うつろになっている私の耳に入ってくる小十郎の声、目に入ってくる必死な小十郎の姿。


小十郎は私を心配している。心配して私を抱きかかえている。



嬉しい。



・・・・・私は最低な奴だ。こんな時までになって嬉しいとか思ってるんだから。馬鹿じゃん馬鹿じゃん馬鹿じゃん。


本当にごめんなさい。



「ごめんなさい」



私なんかが居て



「ごめんなさい」



私は小十郎の言葉を無視した。そして良い続けた。小十郎はどうしたら良いかわからなく私を見つめていた。

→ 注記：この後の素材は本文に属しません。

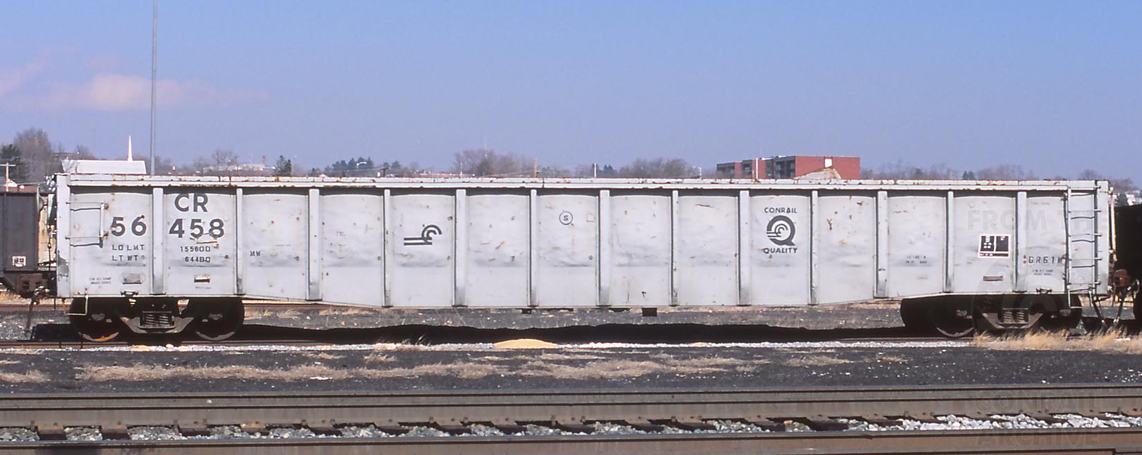 Previous Next Car is ex CR 559255/RDG 38300 and was built 10-66. It was deleted on 5-10-09. Photo By Jeff Weaver Equipment Type Class GR51M Conrail Number 56458 Post Conrail Owner CSX Post Conrail Number CSX 56458 Year 2002 Original Date 2/26/02 Collection CRHS Conrail Photo Archive Contributions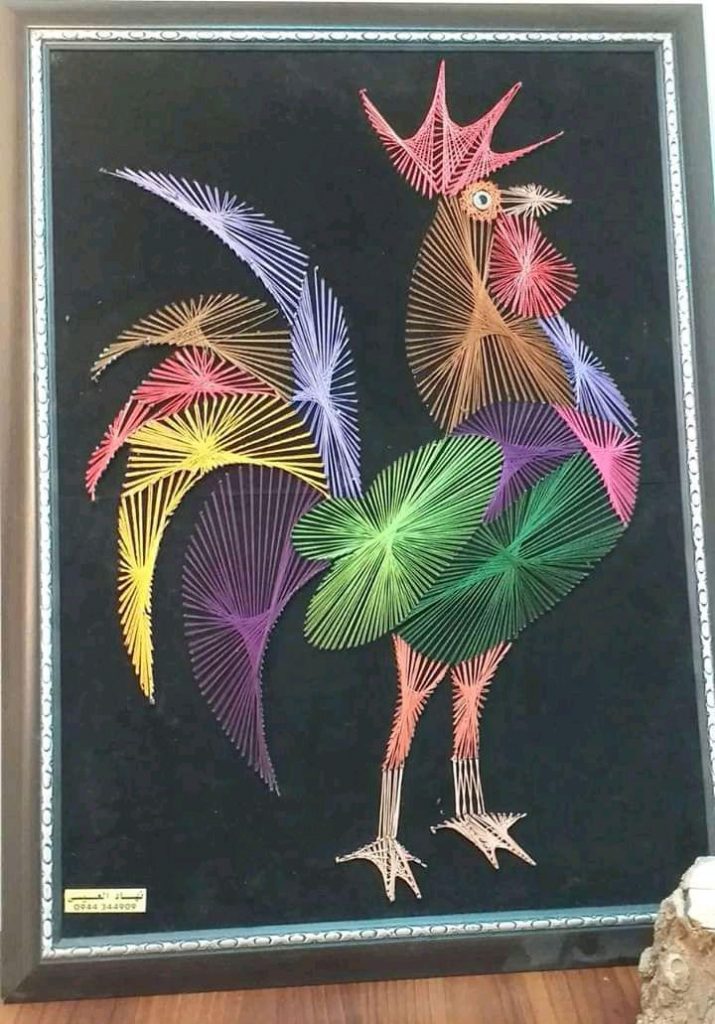 اللوحات جاءت مشغولة بأسلوب الخيوط الوترية التي زرعت على مسامير فوق سطوح لوحات خشبية لتشكل صورة عمل فني بإتقان وبصورة منسجمة مع الألوان التي حاكت المضمون.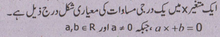 سوال نمبر 8 - یک درجی مساوات کی تعریف کریں.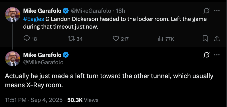 Brown had a limited defensive role as the Eagles’ safety in base defense snaps with Mukuba being the safety in nickel packages. Brown also got banged up at one point, though he managed to finish the game. Just feels like a matter of time until Mukuba completely overtakes him.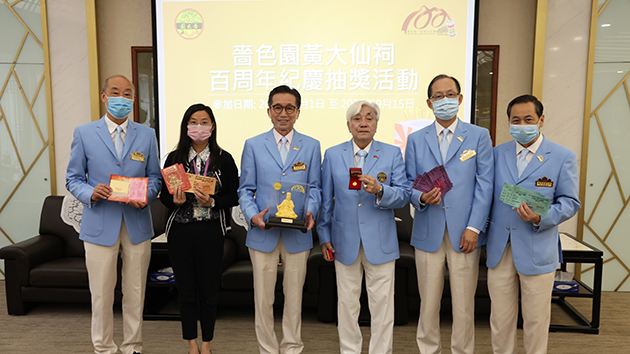 嗇色園主席馬澤華、監院李耀輝、副主席盧燊河、余君慶與黎澤森及行政總幹事冼碧珊一同公布嗇色園百周年紀慶抽獎活動詳情。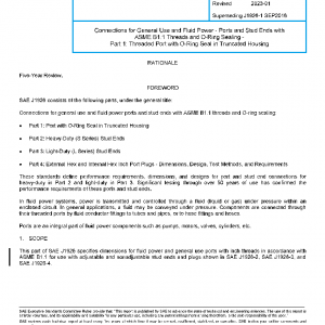 This part of SAE J1926 specifies dimensions for fluid power and general use ports with inch threads in accordance with ASME B1.1 for use with adjustable and nonadjustable stud ends and plugs shown in SAE J1926-2, SAE J1926-3, and SAE J1926-4.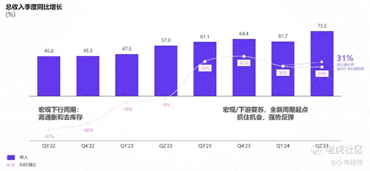 连续四个季度收入增长保持在约30%及以上,业绩增速稳定,市场空间巨大。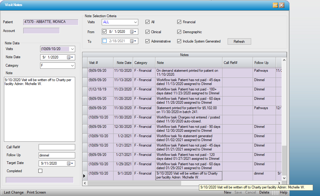 System Generated notes will be added by the system when Claims and Statements are generated, Workflow Tasks are created, Payment Plans are created and/or deleted, or visits are assigned to or removed from Collections. System generated messages cannot be edited or deleted.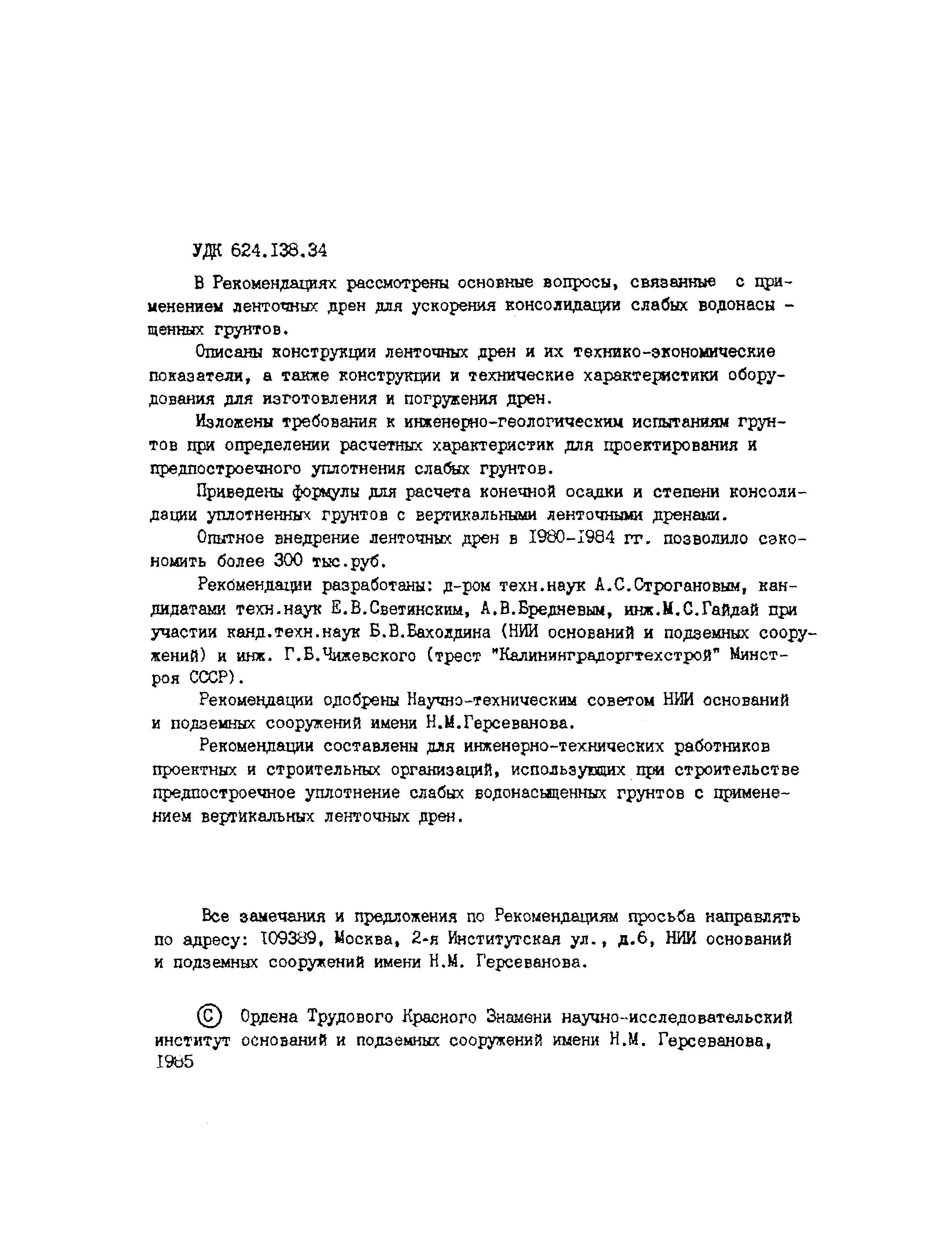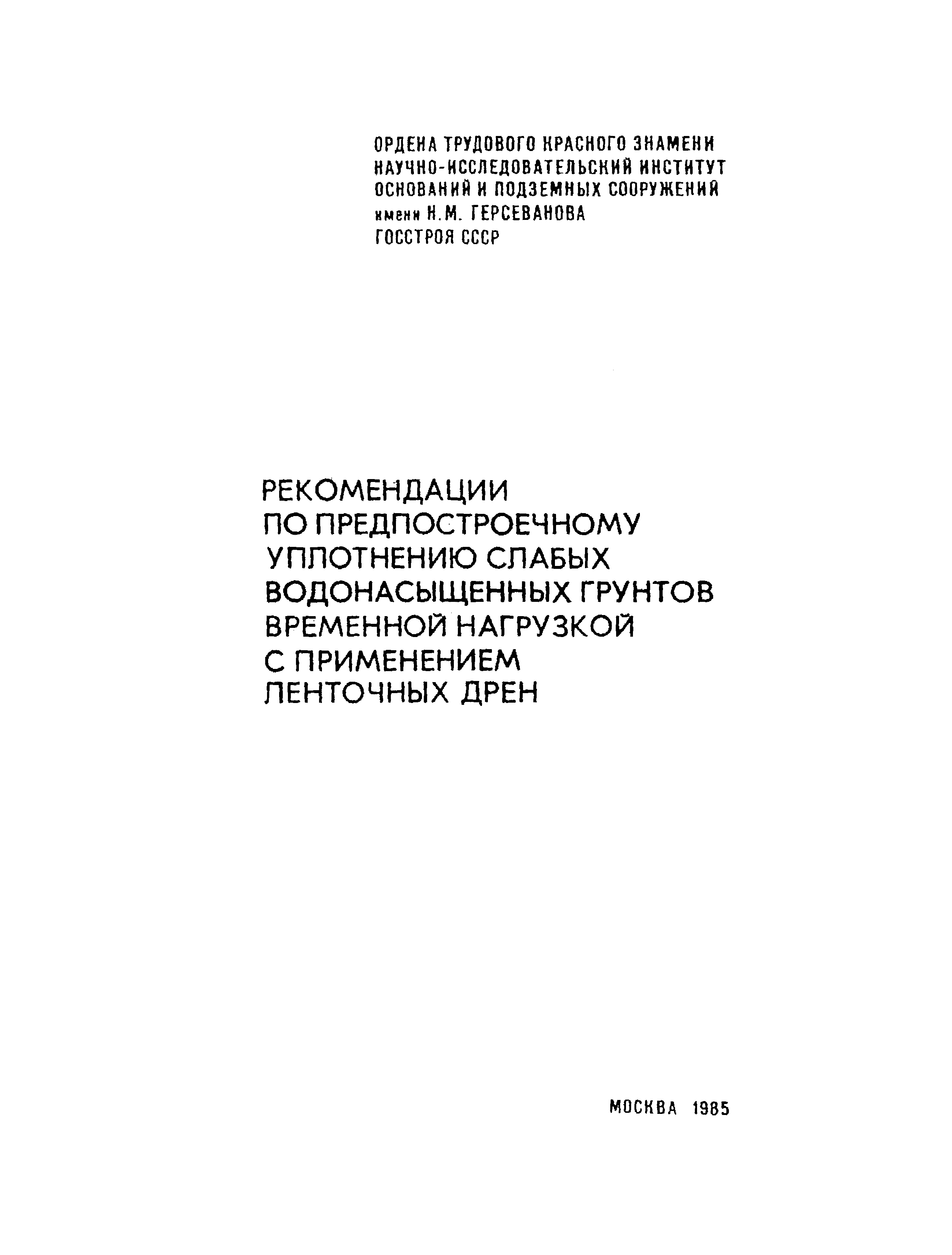 | Название рус.: | Рекомендации по предпостроечному уплотнению слабых водонасыщенных грунтов временной нагрузкой с применением ленточных дрен |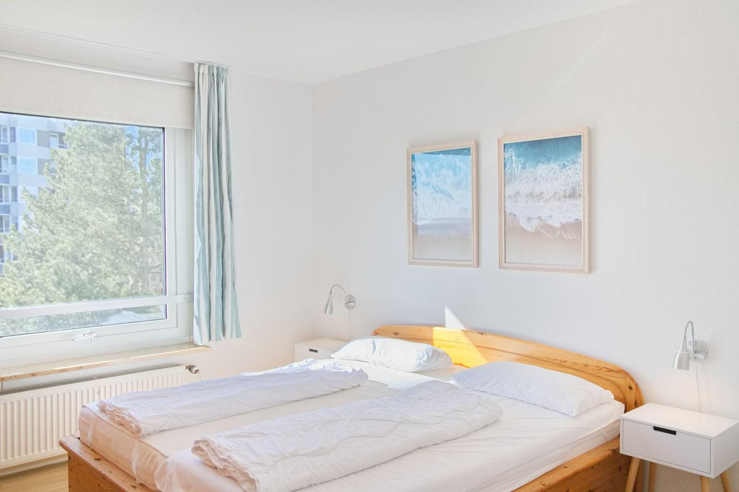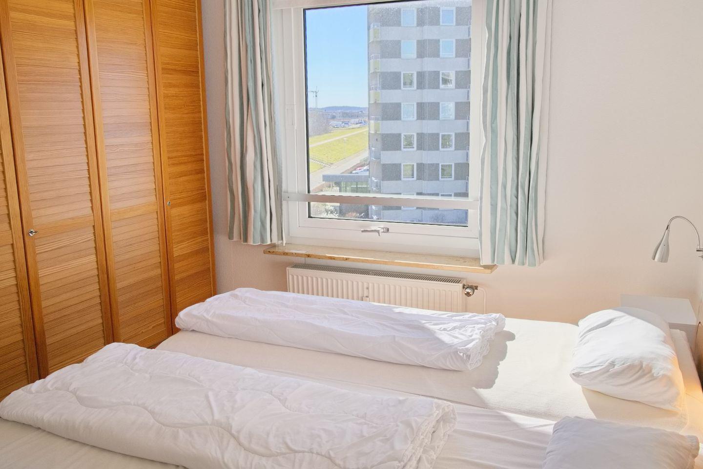 Zurück auf den Flur geht es weiter in das separate Schlafzimmer mit Doppelbett (x 90 x200 cm) und Kleiderschrank. Ein Kinderreisebettchen ist hier zustellbar. Verdunklungsmöglichkeiten in Form von Vorhängen sind vorhanden.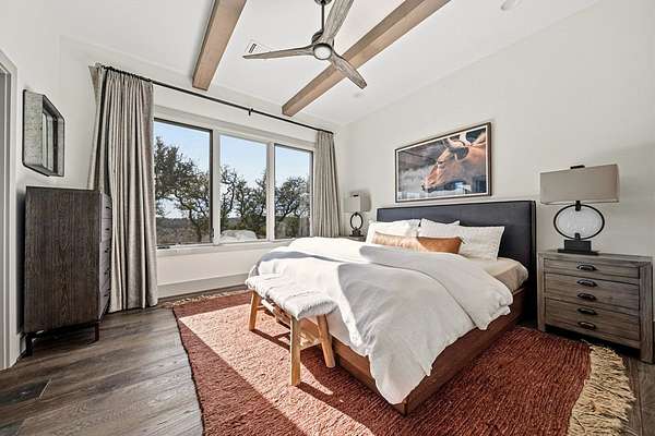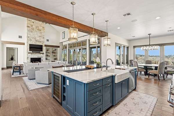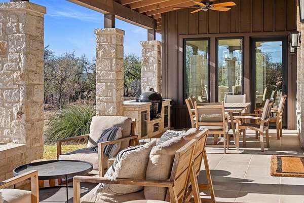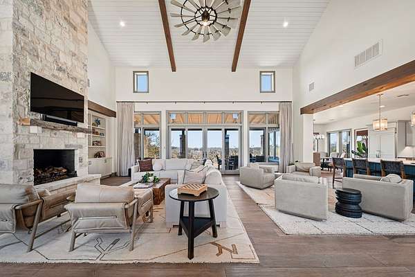 Perched at the highest point of Boot Ranch, 3024 Boot Ranch Circle commands one of the community's most coveted positions — a hilltop setting where eastward mornings greet you with stunning Texas sunrises and evenings close with sweeping western sunsets. A constant gentle breeze drifts across this elevated retreat, and with no homes behind you, the privacy is absolute. Set on 6.85 acres — one of the largest properties in all of Boot Ranch — this is a rare chance to own a low-traffic, nature-rich sanctuary unlike anything else available in the community. A natural spring on the property adds to its distinctive character, making this truly one of a kind. The Residence The 4,273-square-foot main residence offers 4 bedrooms and 5.5 bathrooms, thoughtfully designed for both effortless daily living and elegant entertaining on a grand scale. Vaulted ceilings with exposed beams, expansive windows, and warm natural materials create light-filled interiors that flow seamlessly to the outdoors. The open-concept living areas anchor the home around a striking stone fireplace, flowing into a chef's kitchen and inviting dining spaces — perfect for hosting gatherings large or small. The primary suite is a true private sanctuary, featuring separate his-and-her bathrooms with spa-like comfort, peaceful views, and direct outdoor access. Each additional bedroom includes an en-suite bath, ensuring privacy and comfort for family and guests alike. The Casita Complementing the main home is a 956-square-foot casita with 2 bedrooms, 2 bathrooms, a living room, and a kitchenette — ideal for extended family, guests, or a private home office. Together, the property offers 6 bedrooms total, making it one of only a handful of homes of this size available at Boot Ranch. The Setting Additional features include a 2-car plus 1-cart garage and generous outdoor living spaces designed for entertaining under the Texas sky. Whether you're watching the sunrise over the Hill Country, relaxing in the breeze at the day's end, or hosting friends around the fireplace, this property delivers a living experience that is simply unmatched. A remarkable blend of luxury, privacy, acreage, and timeless Hill Country design — this is Boot Ranch living at its finest. A Boot Ranch Club Membership is required with each property purchase; annual Club dues apply. The Boot Ranch multi-generational membership extends privileges to parents, grandparents, children, adult children, grandchildren, and all their spouses — so your whole family can enjoy exclusive membership benefits at no additional dues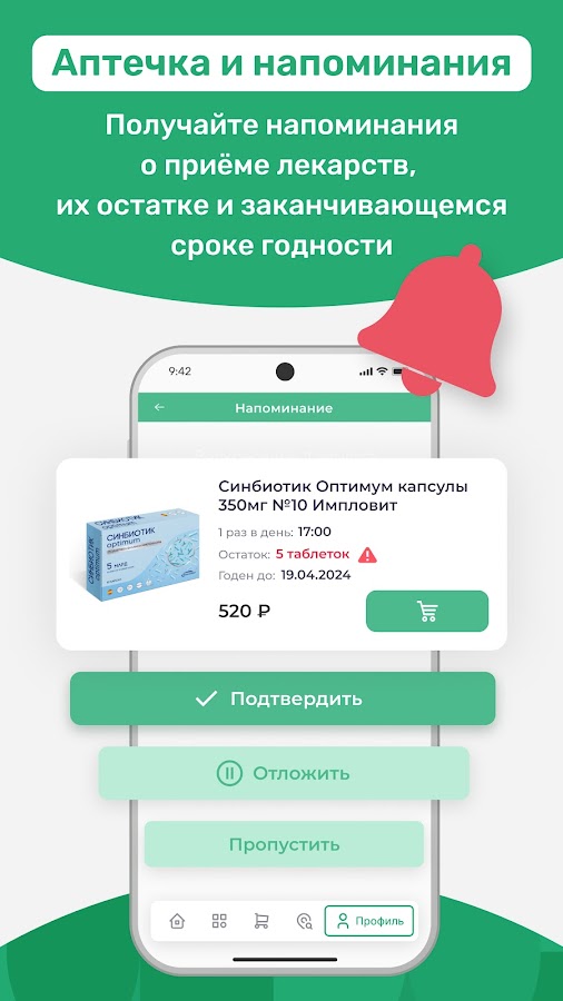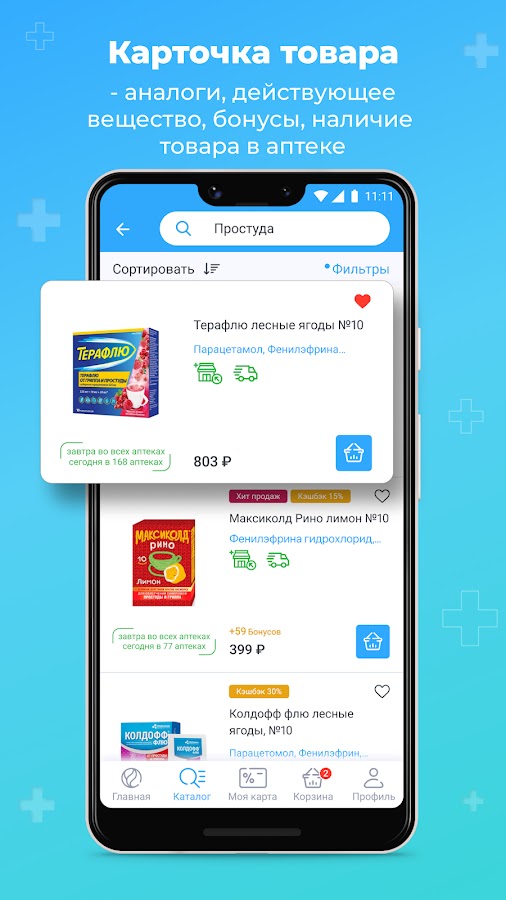 - Уведомления о наличии лекарств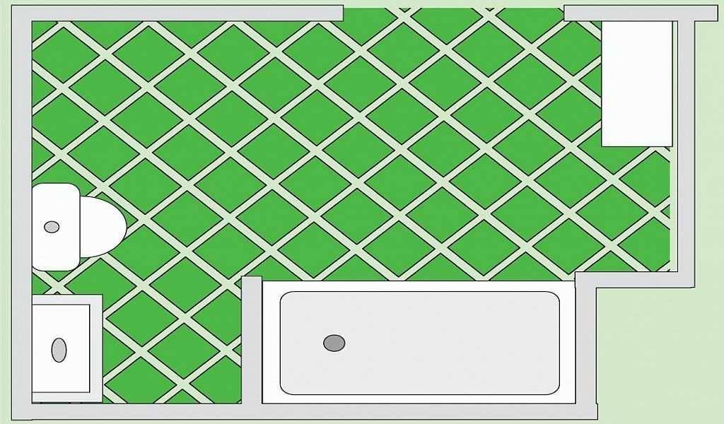 - Основным плюсом данной схемы является красота. Плитка, уложенная по диагонали, встречается редко и смотрится достаточно необычно;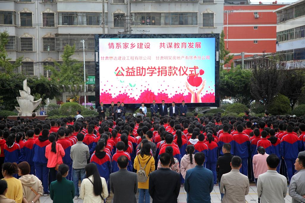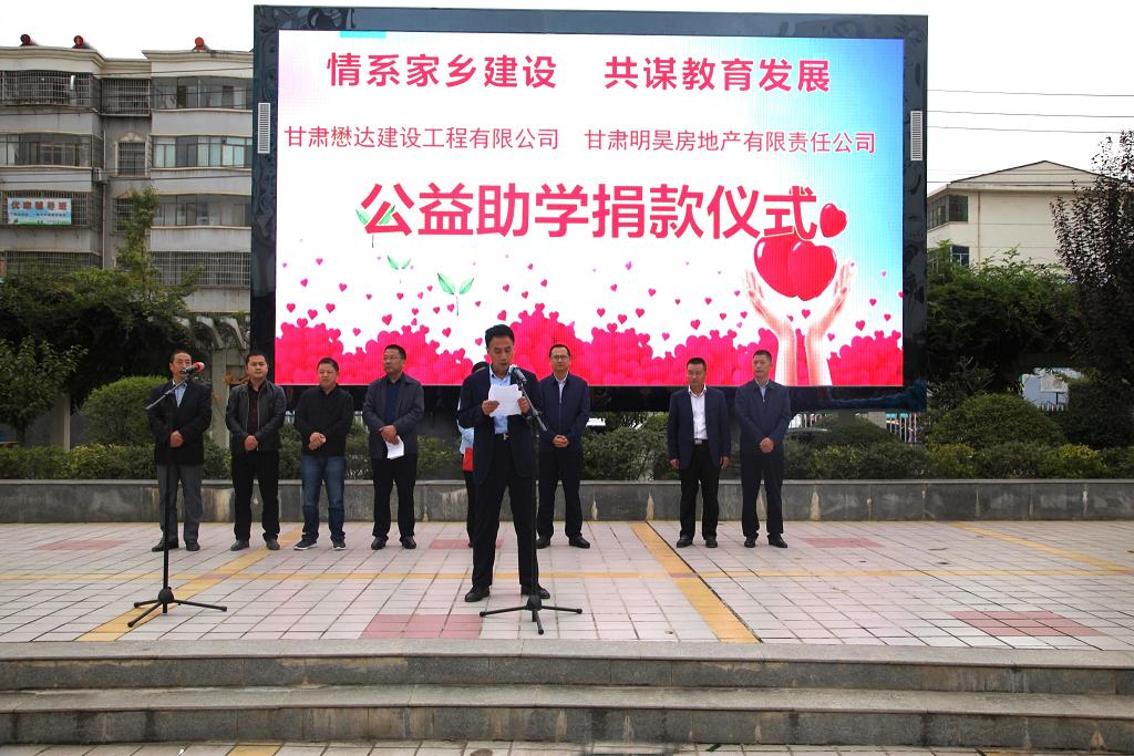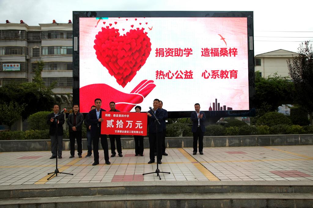 9月26日,“情系家鄉(xiāng)建設(shè) 共謀教育發(fā)展”公益助學(xué)捐款儀式在徽縣四中隆重舉行?h委、縣政府、縣教育局有關(guān)領(lǐng)導(dǎo)及四中全體師生參加捐款儀式,公司總經(jīng)理封曉成、副總經(jīng)理尹向宏出席捐款儀式。

もう私の声は耳を澄まして聞こえるかどうかというほどになっていた
それでも聞こえるのはこの部屋が静か過ぎるからだろう



「梵天丸様、梵天丸様は何も謝る必要なんて無いのですよ、だから・・・もうおやめになってください!お願いです」




私の視界いっぱいに小十郎が映る。

小十郎の顔だ。
小十郎の眉間の皺。かっこいいな。
小十郎の瞳。きれいだな。
小十郎の肌。羨ましい。
小十郎、小十郎、小十郎、小十郎、小十郎、小十郎、小十郎、小十郎、小十郎、小十郎。